Guinean novelist, short story writer, and essayist, who first gained fame in the 1950s with his novels L'Enfant noir (1953, The African Child), a poetic re-creation of the author's childhood days, and Le Regard du roi (1954, The Radiance of the King). The latter work with its theme, a frustrating quest for an unattainable authority, has been compared to Franz Kafka's novel The Castle (1926).
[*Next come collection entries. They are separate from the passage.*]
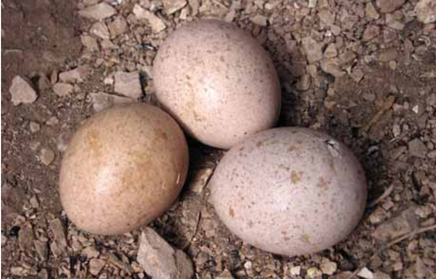
Foto 1. Posta de falcó marí Falco eleonora amb un a l'inici de l'eclosió. Juny 2004.

Photo 1. Nest of Eleonora's Falcon Falco eleonora with one egg starting to hatch.
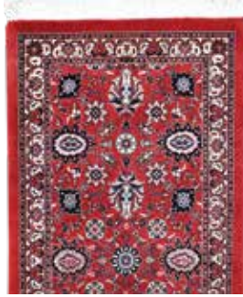
74 25 SP 890 € 290 € Bidjar fein , Persien, neuwertig, Korkwolle mit Seide, ca. 125 x 64 cm
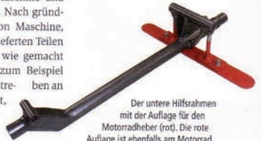
Der untere Hilfsrahmen mit der Auflage für den Motorradheber (rot). Die rote Auflage ist ebenfalls am Motorrad montiert. Darunter kann ein Wagenheber platziert werden.

Während des Umbaus bekam ich in jeder Woche einen Bericht über die Umbauten sowie Fotos der Maschine per Mail zugesandt. Schon bei der Auftragsvergabe hatten wir festgestellt, dass der Hauptständer dem Hilfsrahmen weichen musste. Peter Sauer überlegte sich sofort eine Lösung, mit der man mittels eines hydraulischen Motorradhebers das Motorrad am Hilfsrahmen anheben kann. Dazu wurden in Höhe
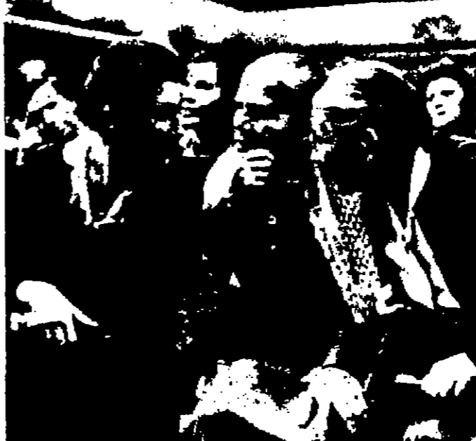
لجميع المجتمعات ، وفي الاجتماعات والزعم ، وفي الشوارع ، نفس منذ الوهلة الاولى ان نساء موسكوبزن على عدد الرجال

المدرسة الوطنية الارثوذكسية - تعلن - عن افتتاح مدرسة سبئية لجميع الطلاب لمختلف الاعيار وذلك اعتباراً من صباح يوم الاثنين الموافق ٢٤ الجاري ولغاية ٤ آب ١٩٦٨ . يتخمن برنامج هذه الدورة نشاطات رياضية وفنية ورحلات بالاضافة الى تقوية بالغات والرياضيات . التسجيل يومياً ما عدا ايام العطلة الرسمية من الساعة التاسعة الى الساعة الثانية عشرة ويحكم الاصل بالدراسة هاتنيا بالرغم ٢٥٥٦٢ للحصول على اية معلومات اضافية . الادارة

Laye's third novel, Dramouss (1966), was banned in Guinea.

"Am I not a white man?" cried Clarence.
"The white men do not come here, on the esplanade!" retorted the black man, using the same abrupt tone of voice as he had used before.
"No, this esplanade would not be the place for white men to put in an appearance," Clarence thought bitterly. "They wouldn't let themselves be shoved around by all these black men; they would more likely be sitting in their villas, where it was cool, or else playing cards and sipping iced drinks on the veranda of the hotel."

(in The Radiance of the King)

Camara Laye (sometimes referred to as Laya Camara, the latter being his family name) was born in the ancient city of Kouroussa, Upper Guinea, into a devout Muslim family of the respected Malinké clans. At that time the country was under French rule. Laye received an European education, but also became familiar with Malinké culture. His father was a goldsmith; both of Laye's parents were reputed to possess supernatural powers. Laye grew up in his grandmother's compound in Tindican, an area of Kurussa, and was raised a Moslem. He attended a Koranic school and continued his education at a French school, and then at the College Georges Poiret, a vocational school in Conakry, Guinea's capital. During this period he met Marie Lorifo, his childhood friend in L'enfant noir, whom he married later in 1953. They had four children.

After earning a scholarship Laye moved in 1947 to France, where he studied in Argenteuil at the Central School of Automobile Engineering, gaining a certificate as a mechanic. When his scholarship expired, he supported himself in odd jobs, at the Simca auto-assembly plant and Paris public transport, and continued studying at the National Conservatory of Arts and Crafts, and the Technical College for Aeronautics and Automobile Construction. In 1956 he obtained the diploma of Engineering.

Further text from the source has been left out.